Given data
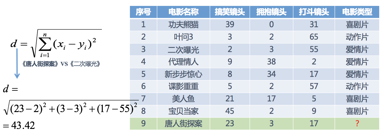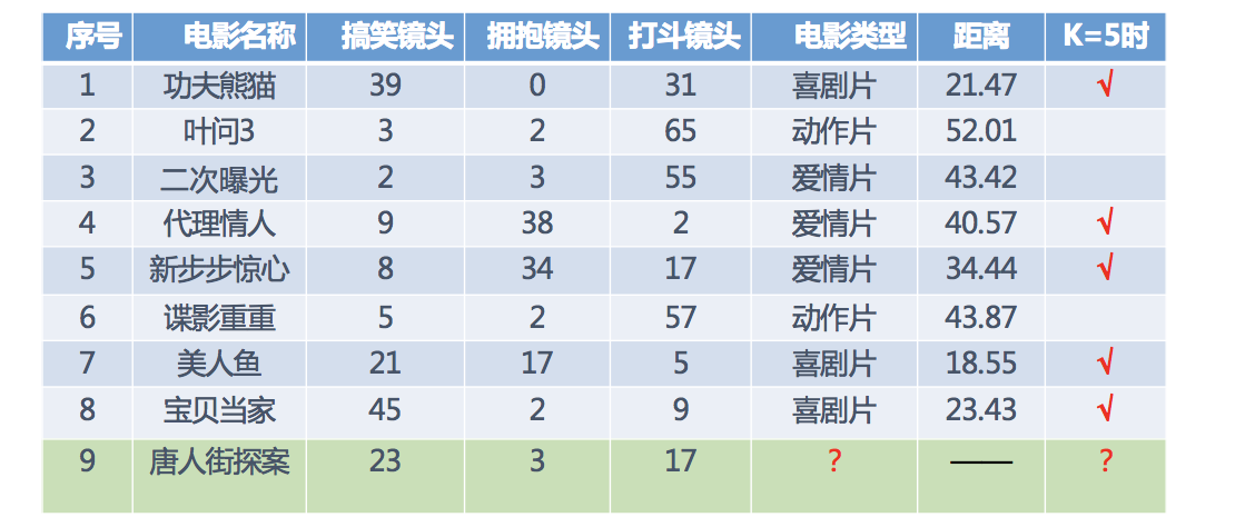 其中? 号电影不知道类别,如何去预测? 可以利用K近邻算法的思想
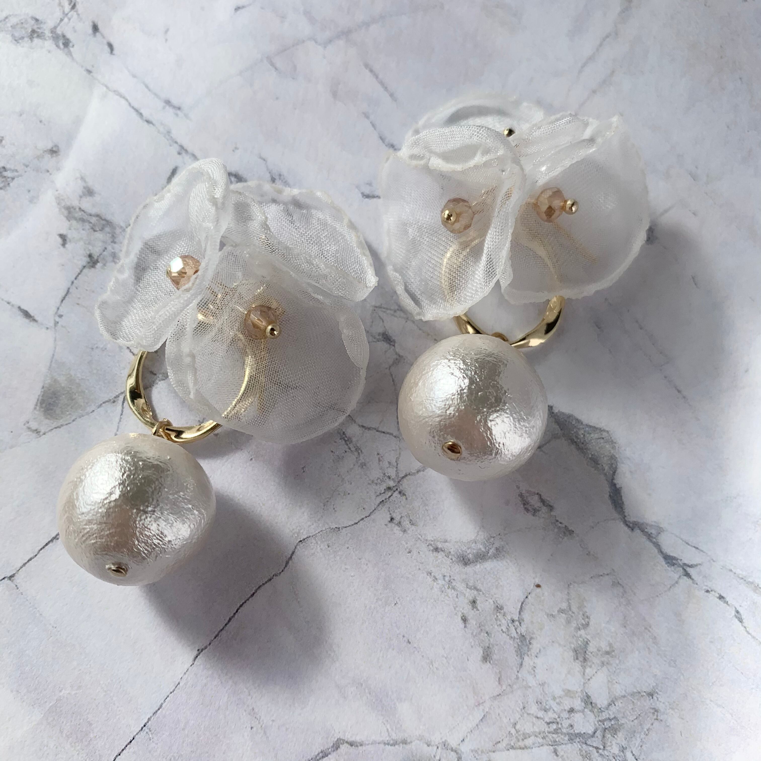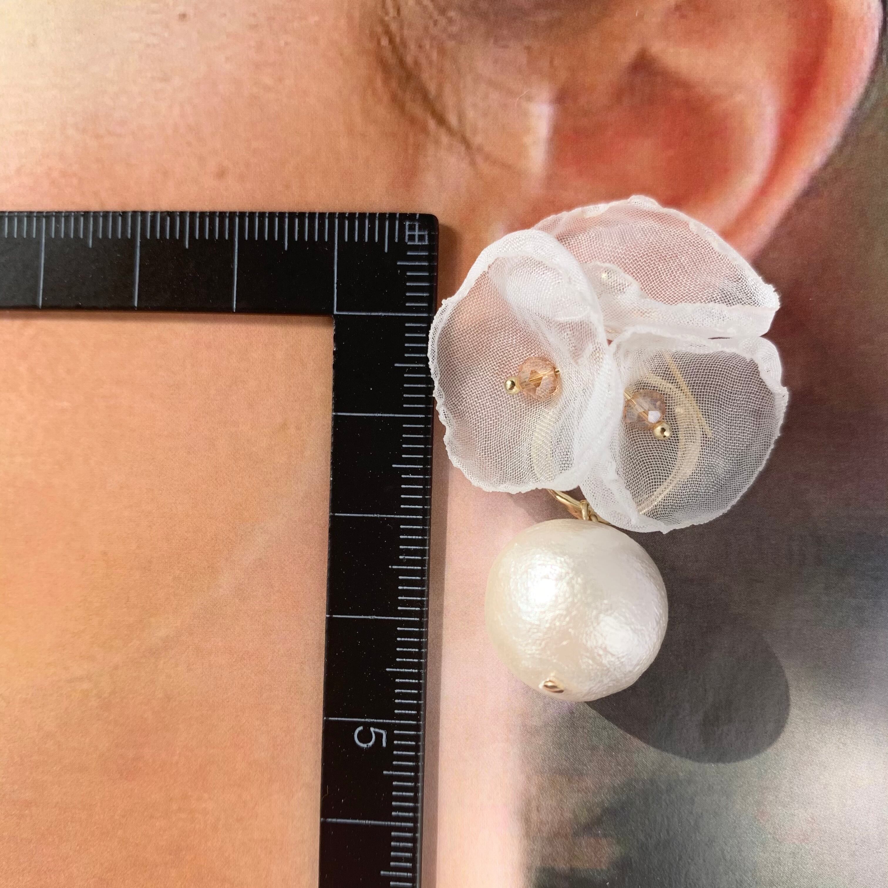 【1点物*】シフォンフラワー×高品質コットンパールピアス ホワイト
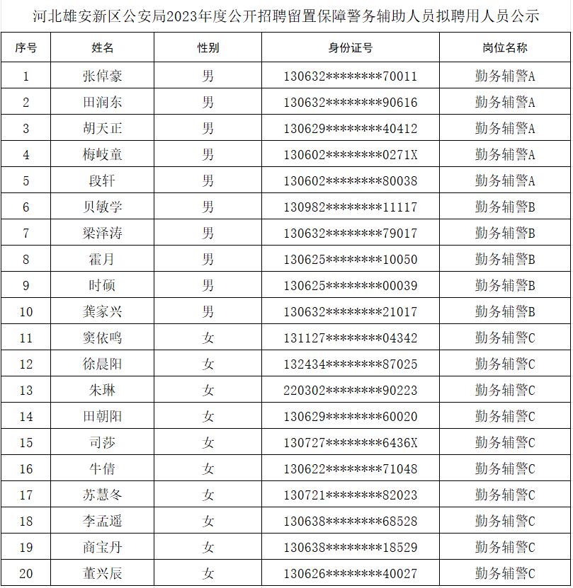 根据《河北雄安新区公安局2023年度公开招聘留置保障警务辅助人员公告》有关规定,经报名、笔试、资格复审、心理素质测评、体能测评、面试、体检和政治审查等程序,拟聘用20名同志为警务辅助人员,现予以公示(名单见附件)。
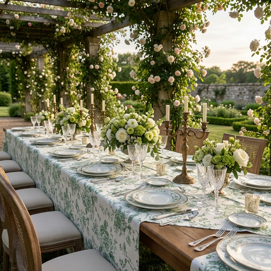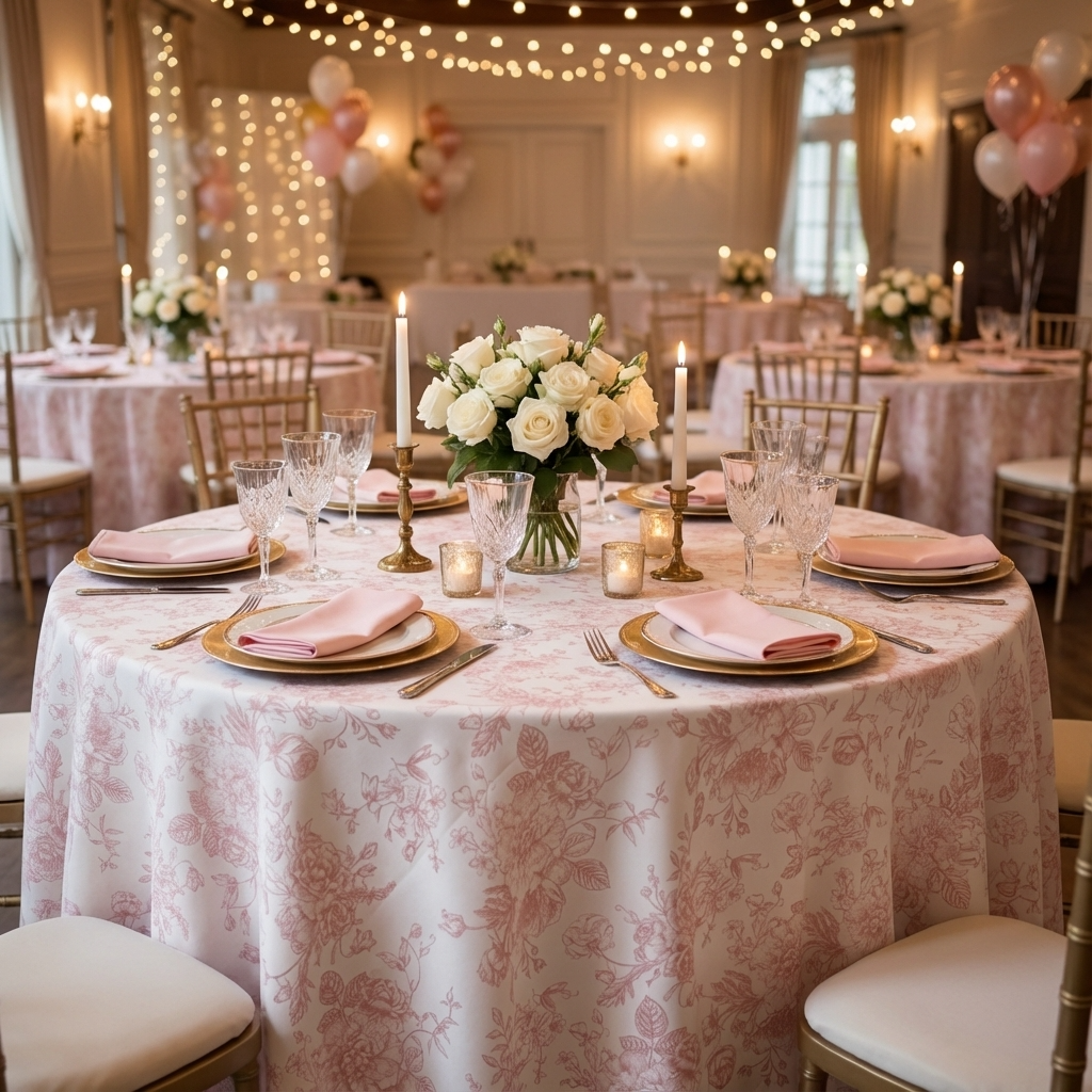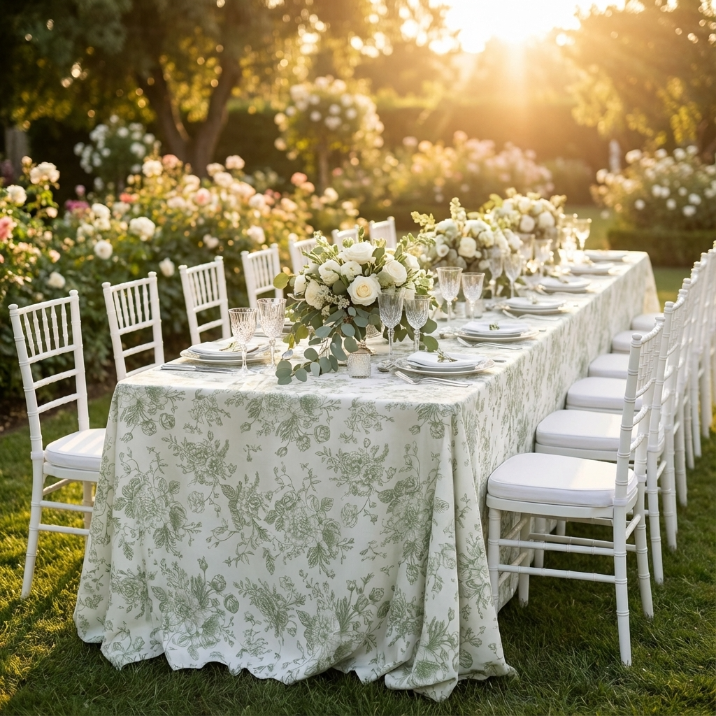 The French Toile Table Linens Collection offers a timeless blend of elegance and charm, perfect for those looking to add a touch of classic French sophistication to their event or home décor. With its intricate pastoral patterns and delicate detailing, these linens evoke a sense of tradition while maintaining a refined, stylish appeal. Available in a variety of fabrics, this collection is ideal for weddings, garden parties, and upscale dinners. Whether you’re designing a formal setting or a casual yet elegant gathering, the French Toile collection will provide an exquisite backdrop for your occasion.
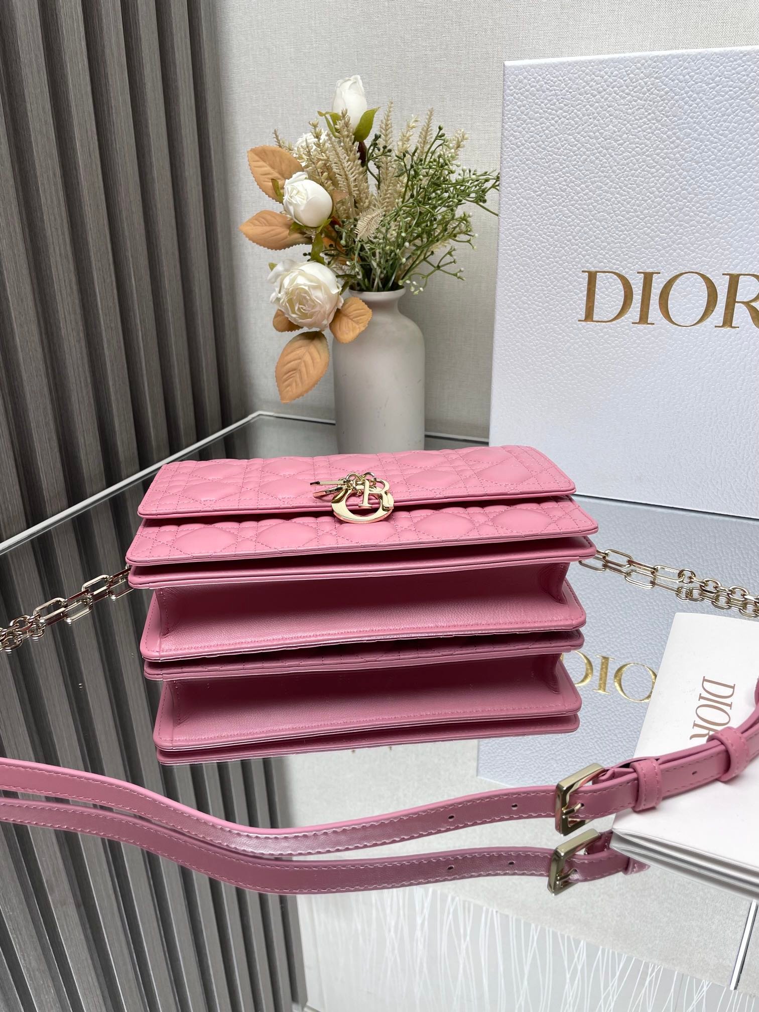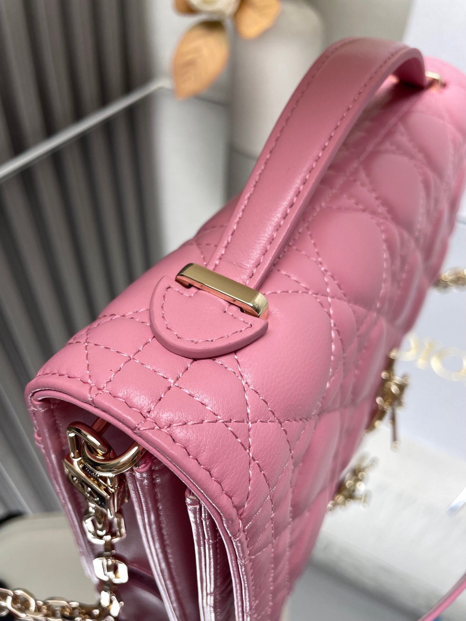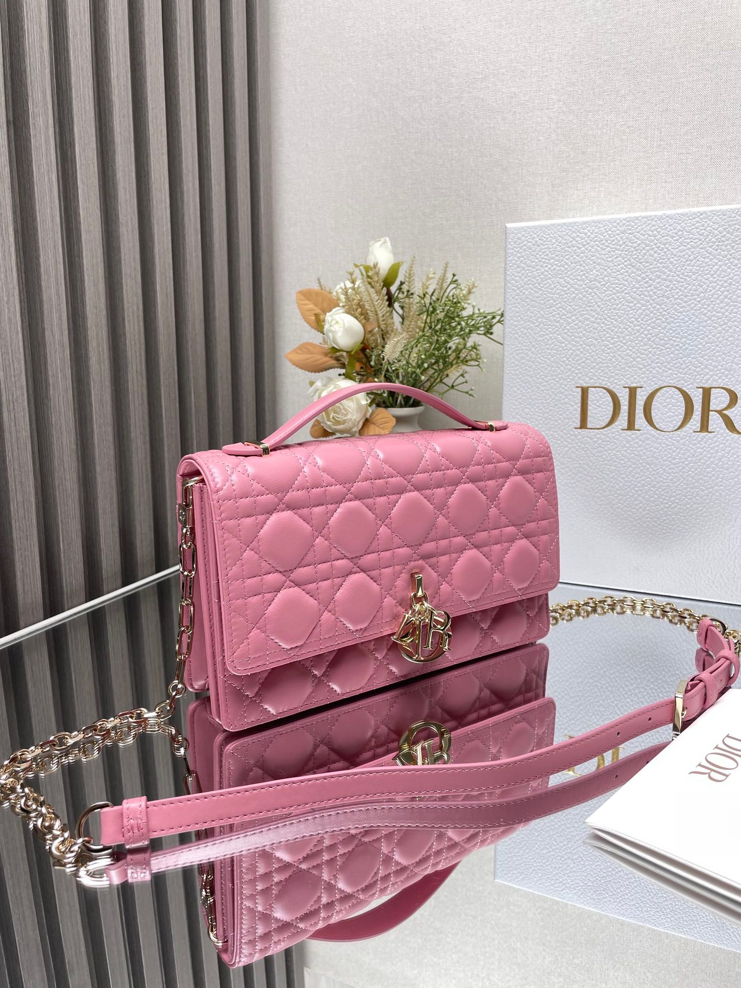 MISS DIOR Handbag Model: 0605 Pink Lambskin New to the Early Spring 2024 collection, this Miss Dior tote is elegant and functional. Crafted in black lambskin leather with rattan check stitching and a flap embellished with a D.I.O.R. charm, it features two compartments and a zippered clutch for organizing everyday essentials, and can be worn with everyday or evening looks. The classic top handle design and detachable chain shoulder strap with leather straps can be carried by hand, over the shoulder or across the body. Front D.I.O.R. charm Flap closure Two interior compartments with zippered clutches back side patch pocket Leather top handle Detachable, adjustable chain shoulder strap with leather straps Dimensions: 24 x 14 x 7.5 cm (L x H x W) Holds 1 wallet, 1 cell phone and lipstick
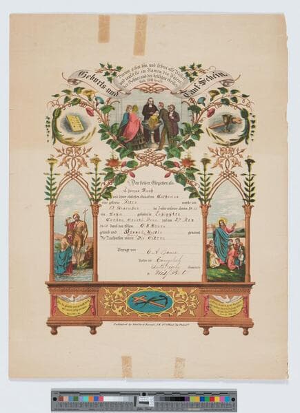 Image of a birth and baptism certificate; baby being baptized by a priest at top center with several people looking on near the baptismal basin; elaborate decorative frame for text with vignettes of a man being baptized, tablets with the Ten Commandments, a chalice and cross, Jesus Christ speaking to a group of children, doves with Bible verses on banners, and a cross and anchor.
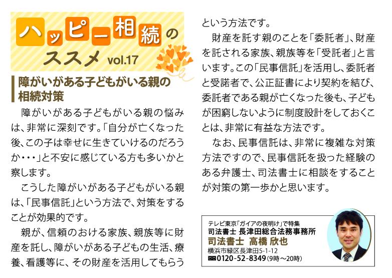 遺言には、「相続」という形だけでなく、このように寄付(正確には、「遺贈(いぞう)」と言います。)することが可能です。また、障害を抱える子供の将来を案じ、親が他界後に、その子の生活面の支援をすることを条件として、信頼のおける方に、財産を遺贈をすることも出来ます。 こうした場合には、想いを適切に実現できるように、司法書士や弁護士等の法律の専門家に相談すると良いでしょう。 |
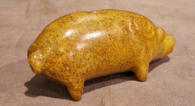 形制:多呈长柱形卧伏状,长度10-12厘米(如亳州玉猪长11.6厘米,河北白玉猪长10.3厘米),底面平整便于握持。以阴刻线勾勒猪耳、拱鼻、四肢,如河北白玉猪用“汉八刀”刻出背脊线条,仅数刀即显神韵。部分尾部穿孔(如曲阜青玉猪),或保留原始切割痕(如陕西华阴出土品)。材质:多为和田白玉或青玉,质地莹润无杂质,表面抛光细腻
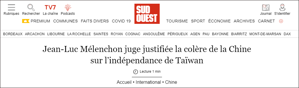 (觀察者網(wǎng)訊)當?shù)貢r間10月19日,法國國民議會現(xiàn)任議員、2022年總統(tǒng)候選人讓-呂克·梅朗雄(Jean-Luc Mélenchon)接受法媒節(jié)目采訪時稱,他不認為臺灣是一個國家,“它不被聯(lián)合國承認”。
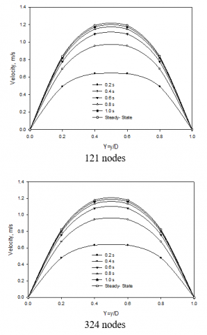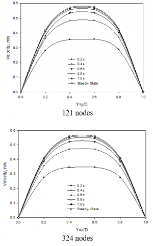 Figs. 6-8 show the progression of fluid velocity with time at different locations along the cross-section of the duct till the attainment of steady-state by the MLPG method for 121 and 324 nodes respectively.
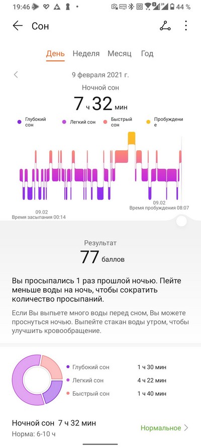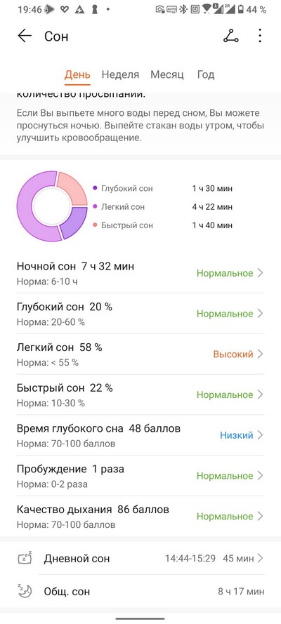 Журнал сна и подробная информация о сегодняшнем сне. Обратите внимание на то, что часы зарегистрировали и недолгое пробуждение, и дневной сон.
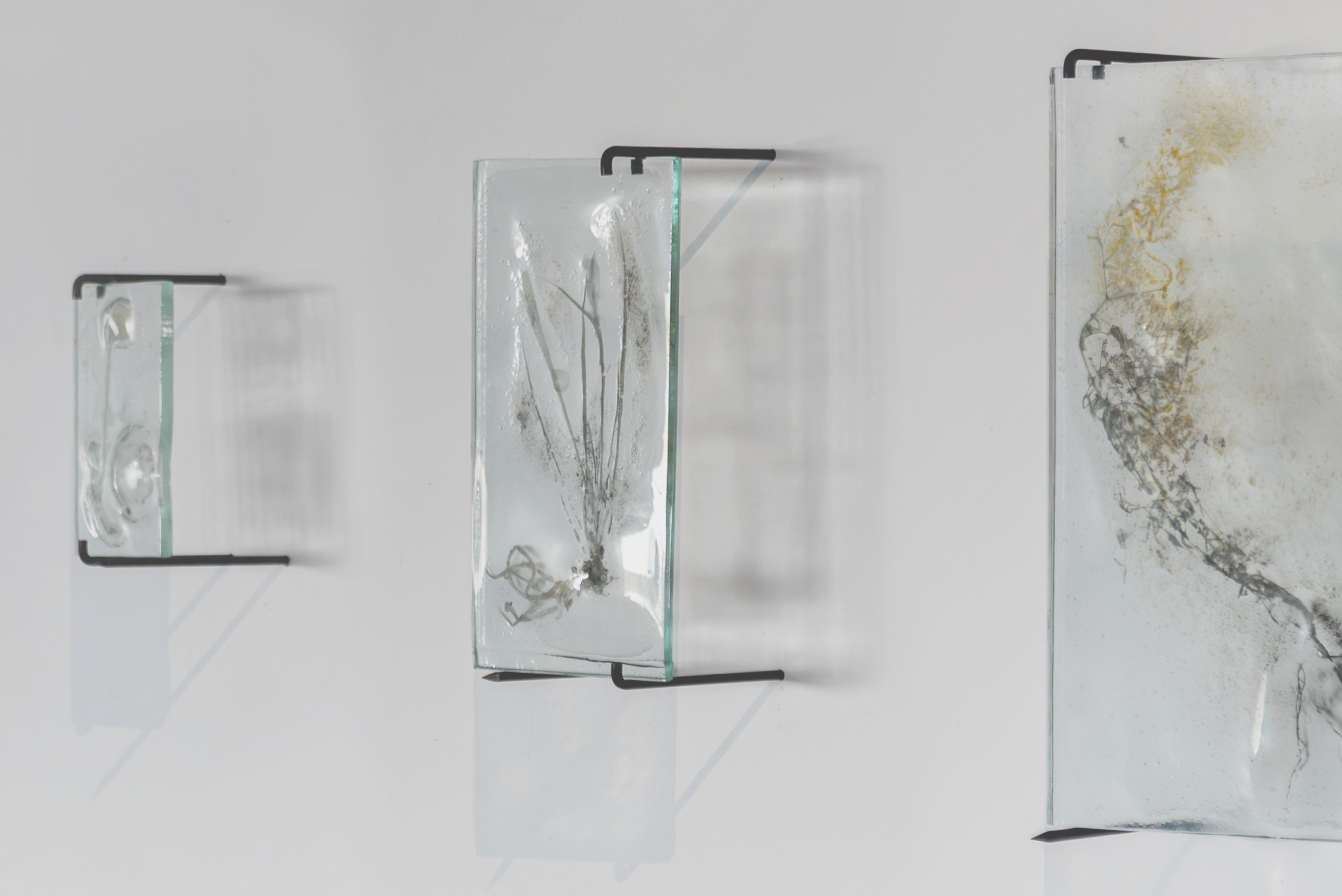 Various plants, glass powder, glass plates and steel rods, variable dimensions. The herbariums where produced during a workshop organised in partnership with Cirva (International Center of Glass and Plastic Arts).

About this task
Set the listing down in full and exactly. Pictures within it should not appear in the copy.

Result
 其中? 号电影不知道类别,如何去预测? 可以利用K近邻算法的思想
 【1点物*】シフォンフラワー×高品質コットンパールピアス ホワイト
 根据《河北雄安新区公安局2023年度公开招聘留置保障警务辅助人员公告》有关规定,经报名、笔试、资格复审、心理素质测评、体能测评、面试、体检和政治审查等程序,拟聘用20名同志为警务辅助人员,现予以公示(名单见附件)。
 The French Toile Table Linens Collection offers a timeless blend of elegance and charm, perfect for those looking to add a touch of classic French sophistication to their event or home décor. With its intricate pastoral patterns and delicate detailing, these linens evoke a sense of tradition while maintaining a refined, stylish appeal. Available in a variety of fabrics, this collection is ideal for weddings, garden parties, and upscale dinners. Whether you’re designing a formal setting or a casual yet elegant gathering, the French Toile collection will provide an exquisite backdrop for your occasion.
 MISS DIOR Handbag Model: 0605 Pink Lambskin New to the Early Spring 2024 collection, this Miss Dior tote is elegant and functional. Crafted in black lambskin leather with rattan check stitching and a flap embellished with a D.I.O.R. charm, it features two compartments and a zippered clutch for organizing everyday essentials, and can be worn with everyday or evening looks. The classic top handle design and detachable chain shoulder strap with leather straps can be carried by hand, over the shoulder or across the body. Front D.I.O.R. charm Flap closure Two interior compartments with zippered clutches back side patch pocket Leather top handle Detachable, adjustable chain shoulder strap with leather straps Dimensions: 24 x 14 x 7.5 cm (L x H x W) Holds 1 wallet, 1 cell phone and lipstick
 Image of a birth and baptism certificate; baby being baptized by a priest at top center with several people looking on near the baptismal basin; elaborate decorative frame for text with vignettes of a man being baptized, tablets with the Ten Commandments, a chalice and cross, Jesus Christ speaking to a group of children, doves with Bible verses on banners, and a cross and anchor.
 遺言には、「相続」という形だけでなく、このように寄付(正確には、「遺贈(いぞう)」と言います。)することが可能です。また、障害を抱える子供の将来を案じ、親が他界後に、その子の生活面の支援をすることを条件として、信頼のおける方に、財産を遺贈をすることも出来ます。 こうした場合には、想いを適切に実現できるように、司法書士や弁護士等の法律の専門家に相談すると良いでしょう。 |
 形制:多呈长柱形卧伏状,长度10-12厘米(如亳州玉猪长11.6厘米,河北白玉猪长10.3厘米),底面平整便于握持。以阴刻线勾勒猪耳、拱鼻、四肢,如河北白玉猪用“汉八刀”刻出背脊线条,仅数刀即显神韵。部分尾部穿孔(如曲阜青玉猪),或保留原始切割痕(如陕西华阴出土品)。材质:多为和田白玉或青玉,质地莹润无杂质,表面抛光细腻
 (觀察者網(wǎng)訊)當?shù)貢r間10月19日,法國國民議會現(xiàn)任議員、2022年總統(tǒng)候選人讓-呂克·梅朗雄(Jean-Luc Mélenchon)接受法媒節(jié)目采訪時稱,他不認為臺灣是一個國家,“它不被聯(lián)合國承認”。
 Figs. 6-8 show the progression of fluid velocity with time at different locations along the cross-section of the duct till the attainment of steady-state by the MLPG method for 121 and 324 nodes respectively.
 Журнал сна и подробная информация о сегодняшнем сне. Обратите внимание на то, что часы зарегистрировали и недолгое пробуждение, и дневной сон.
 Various plants, glass powder, glass plates and steel rods, variable dimensions. The herbariums where produced during a workshop organised in partnership with Cirva (International Center of Glass and Plastic Arts).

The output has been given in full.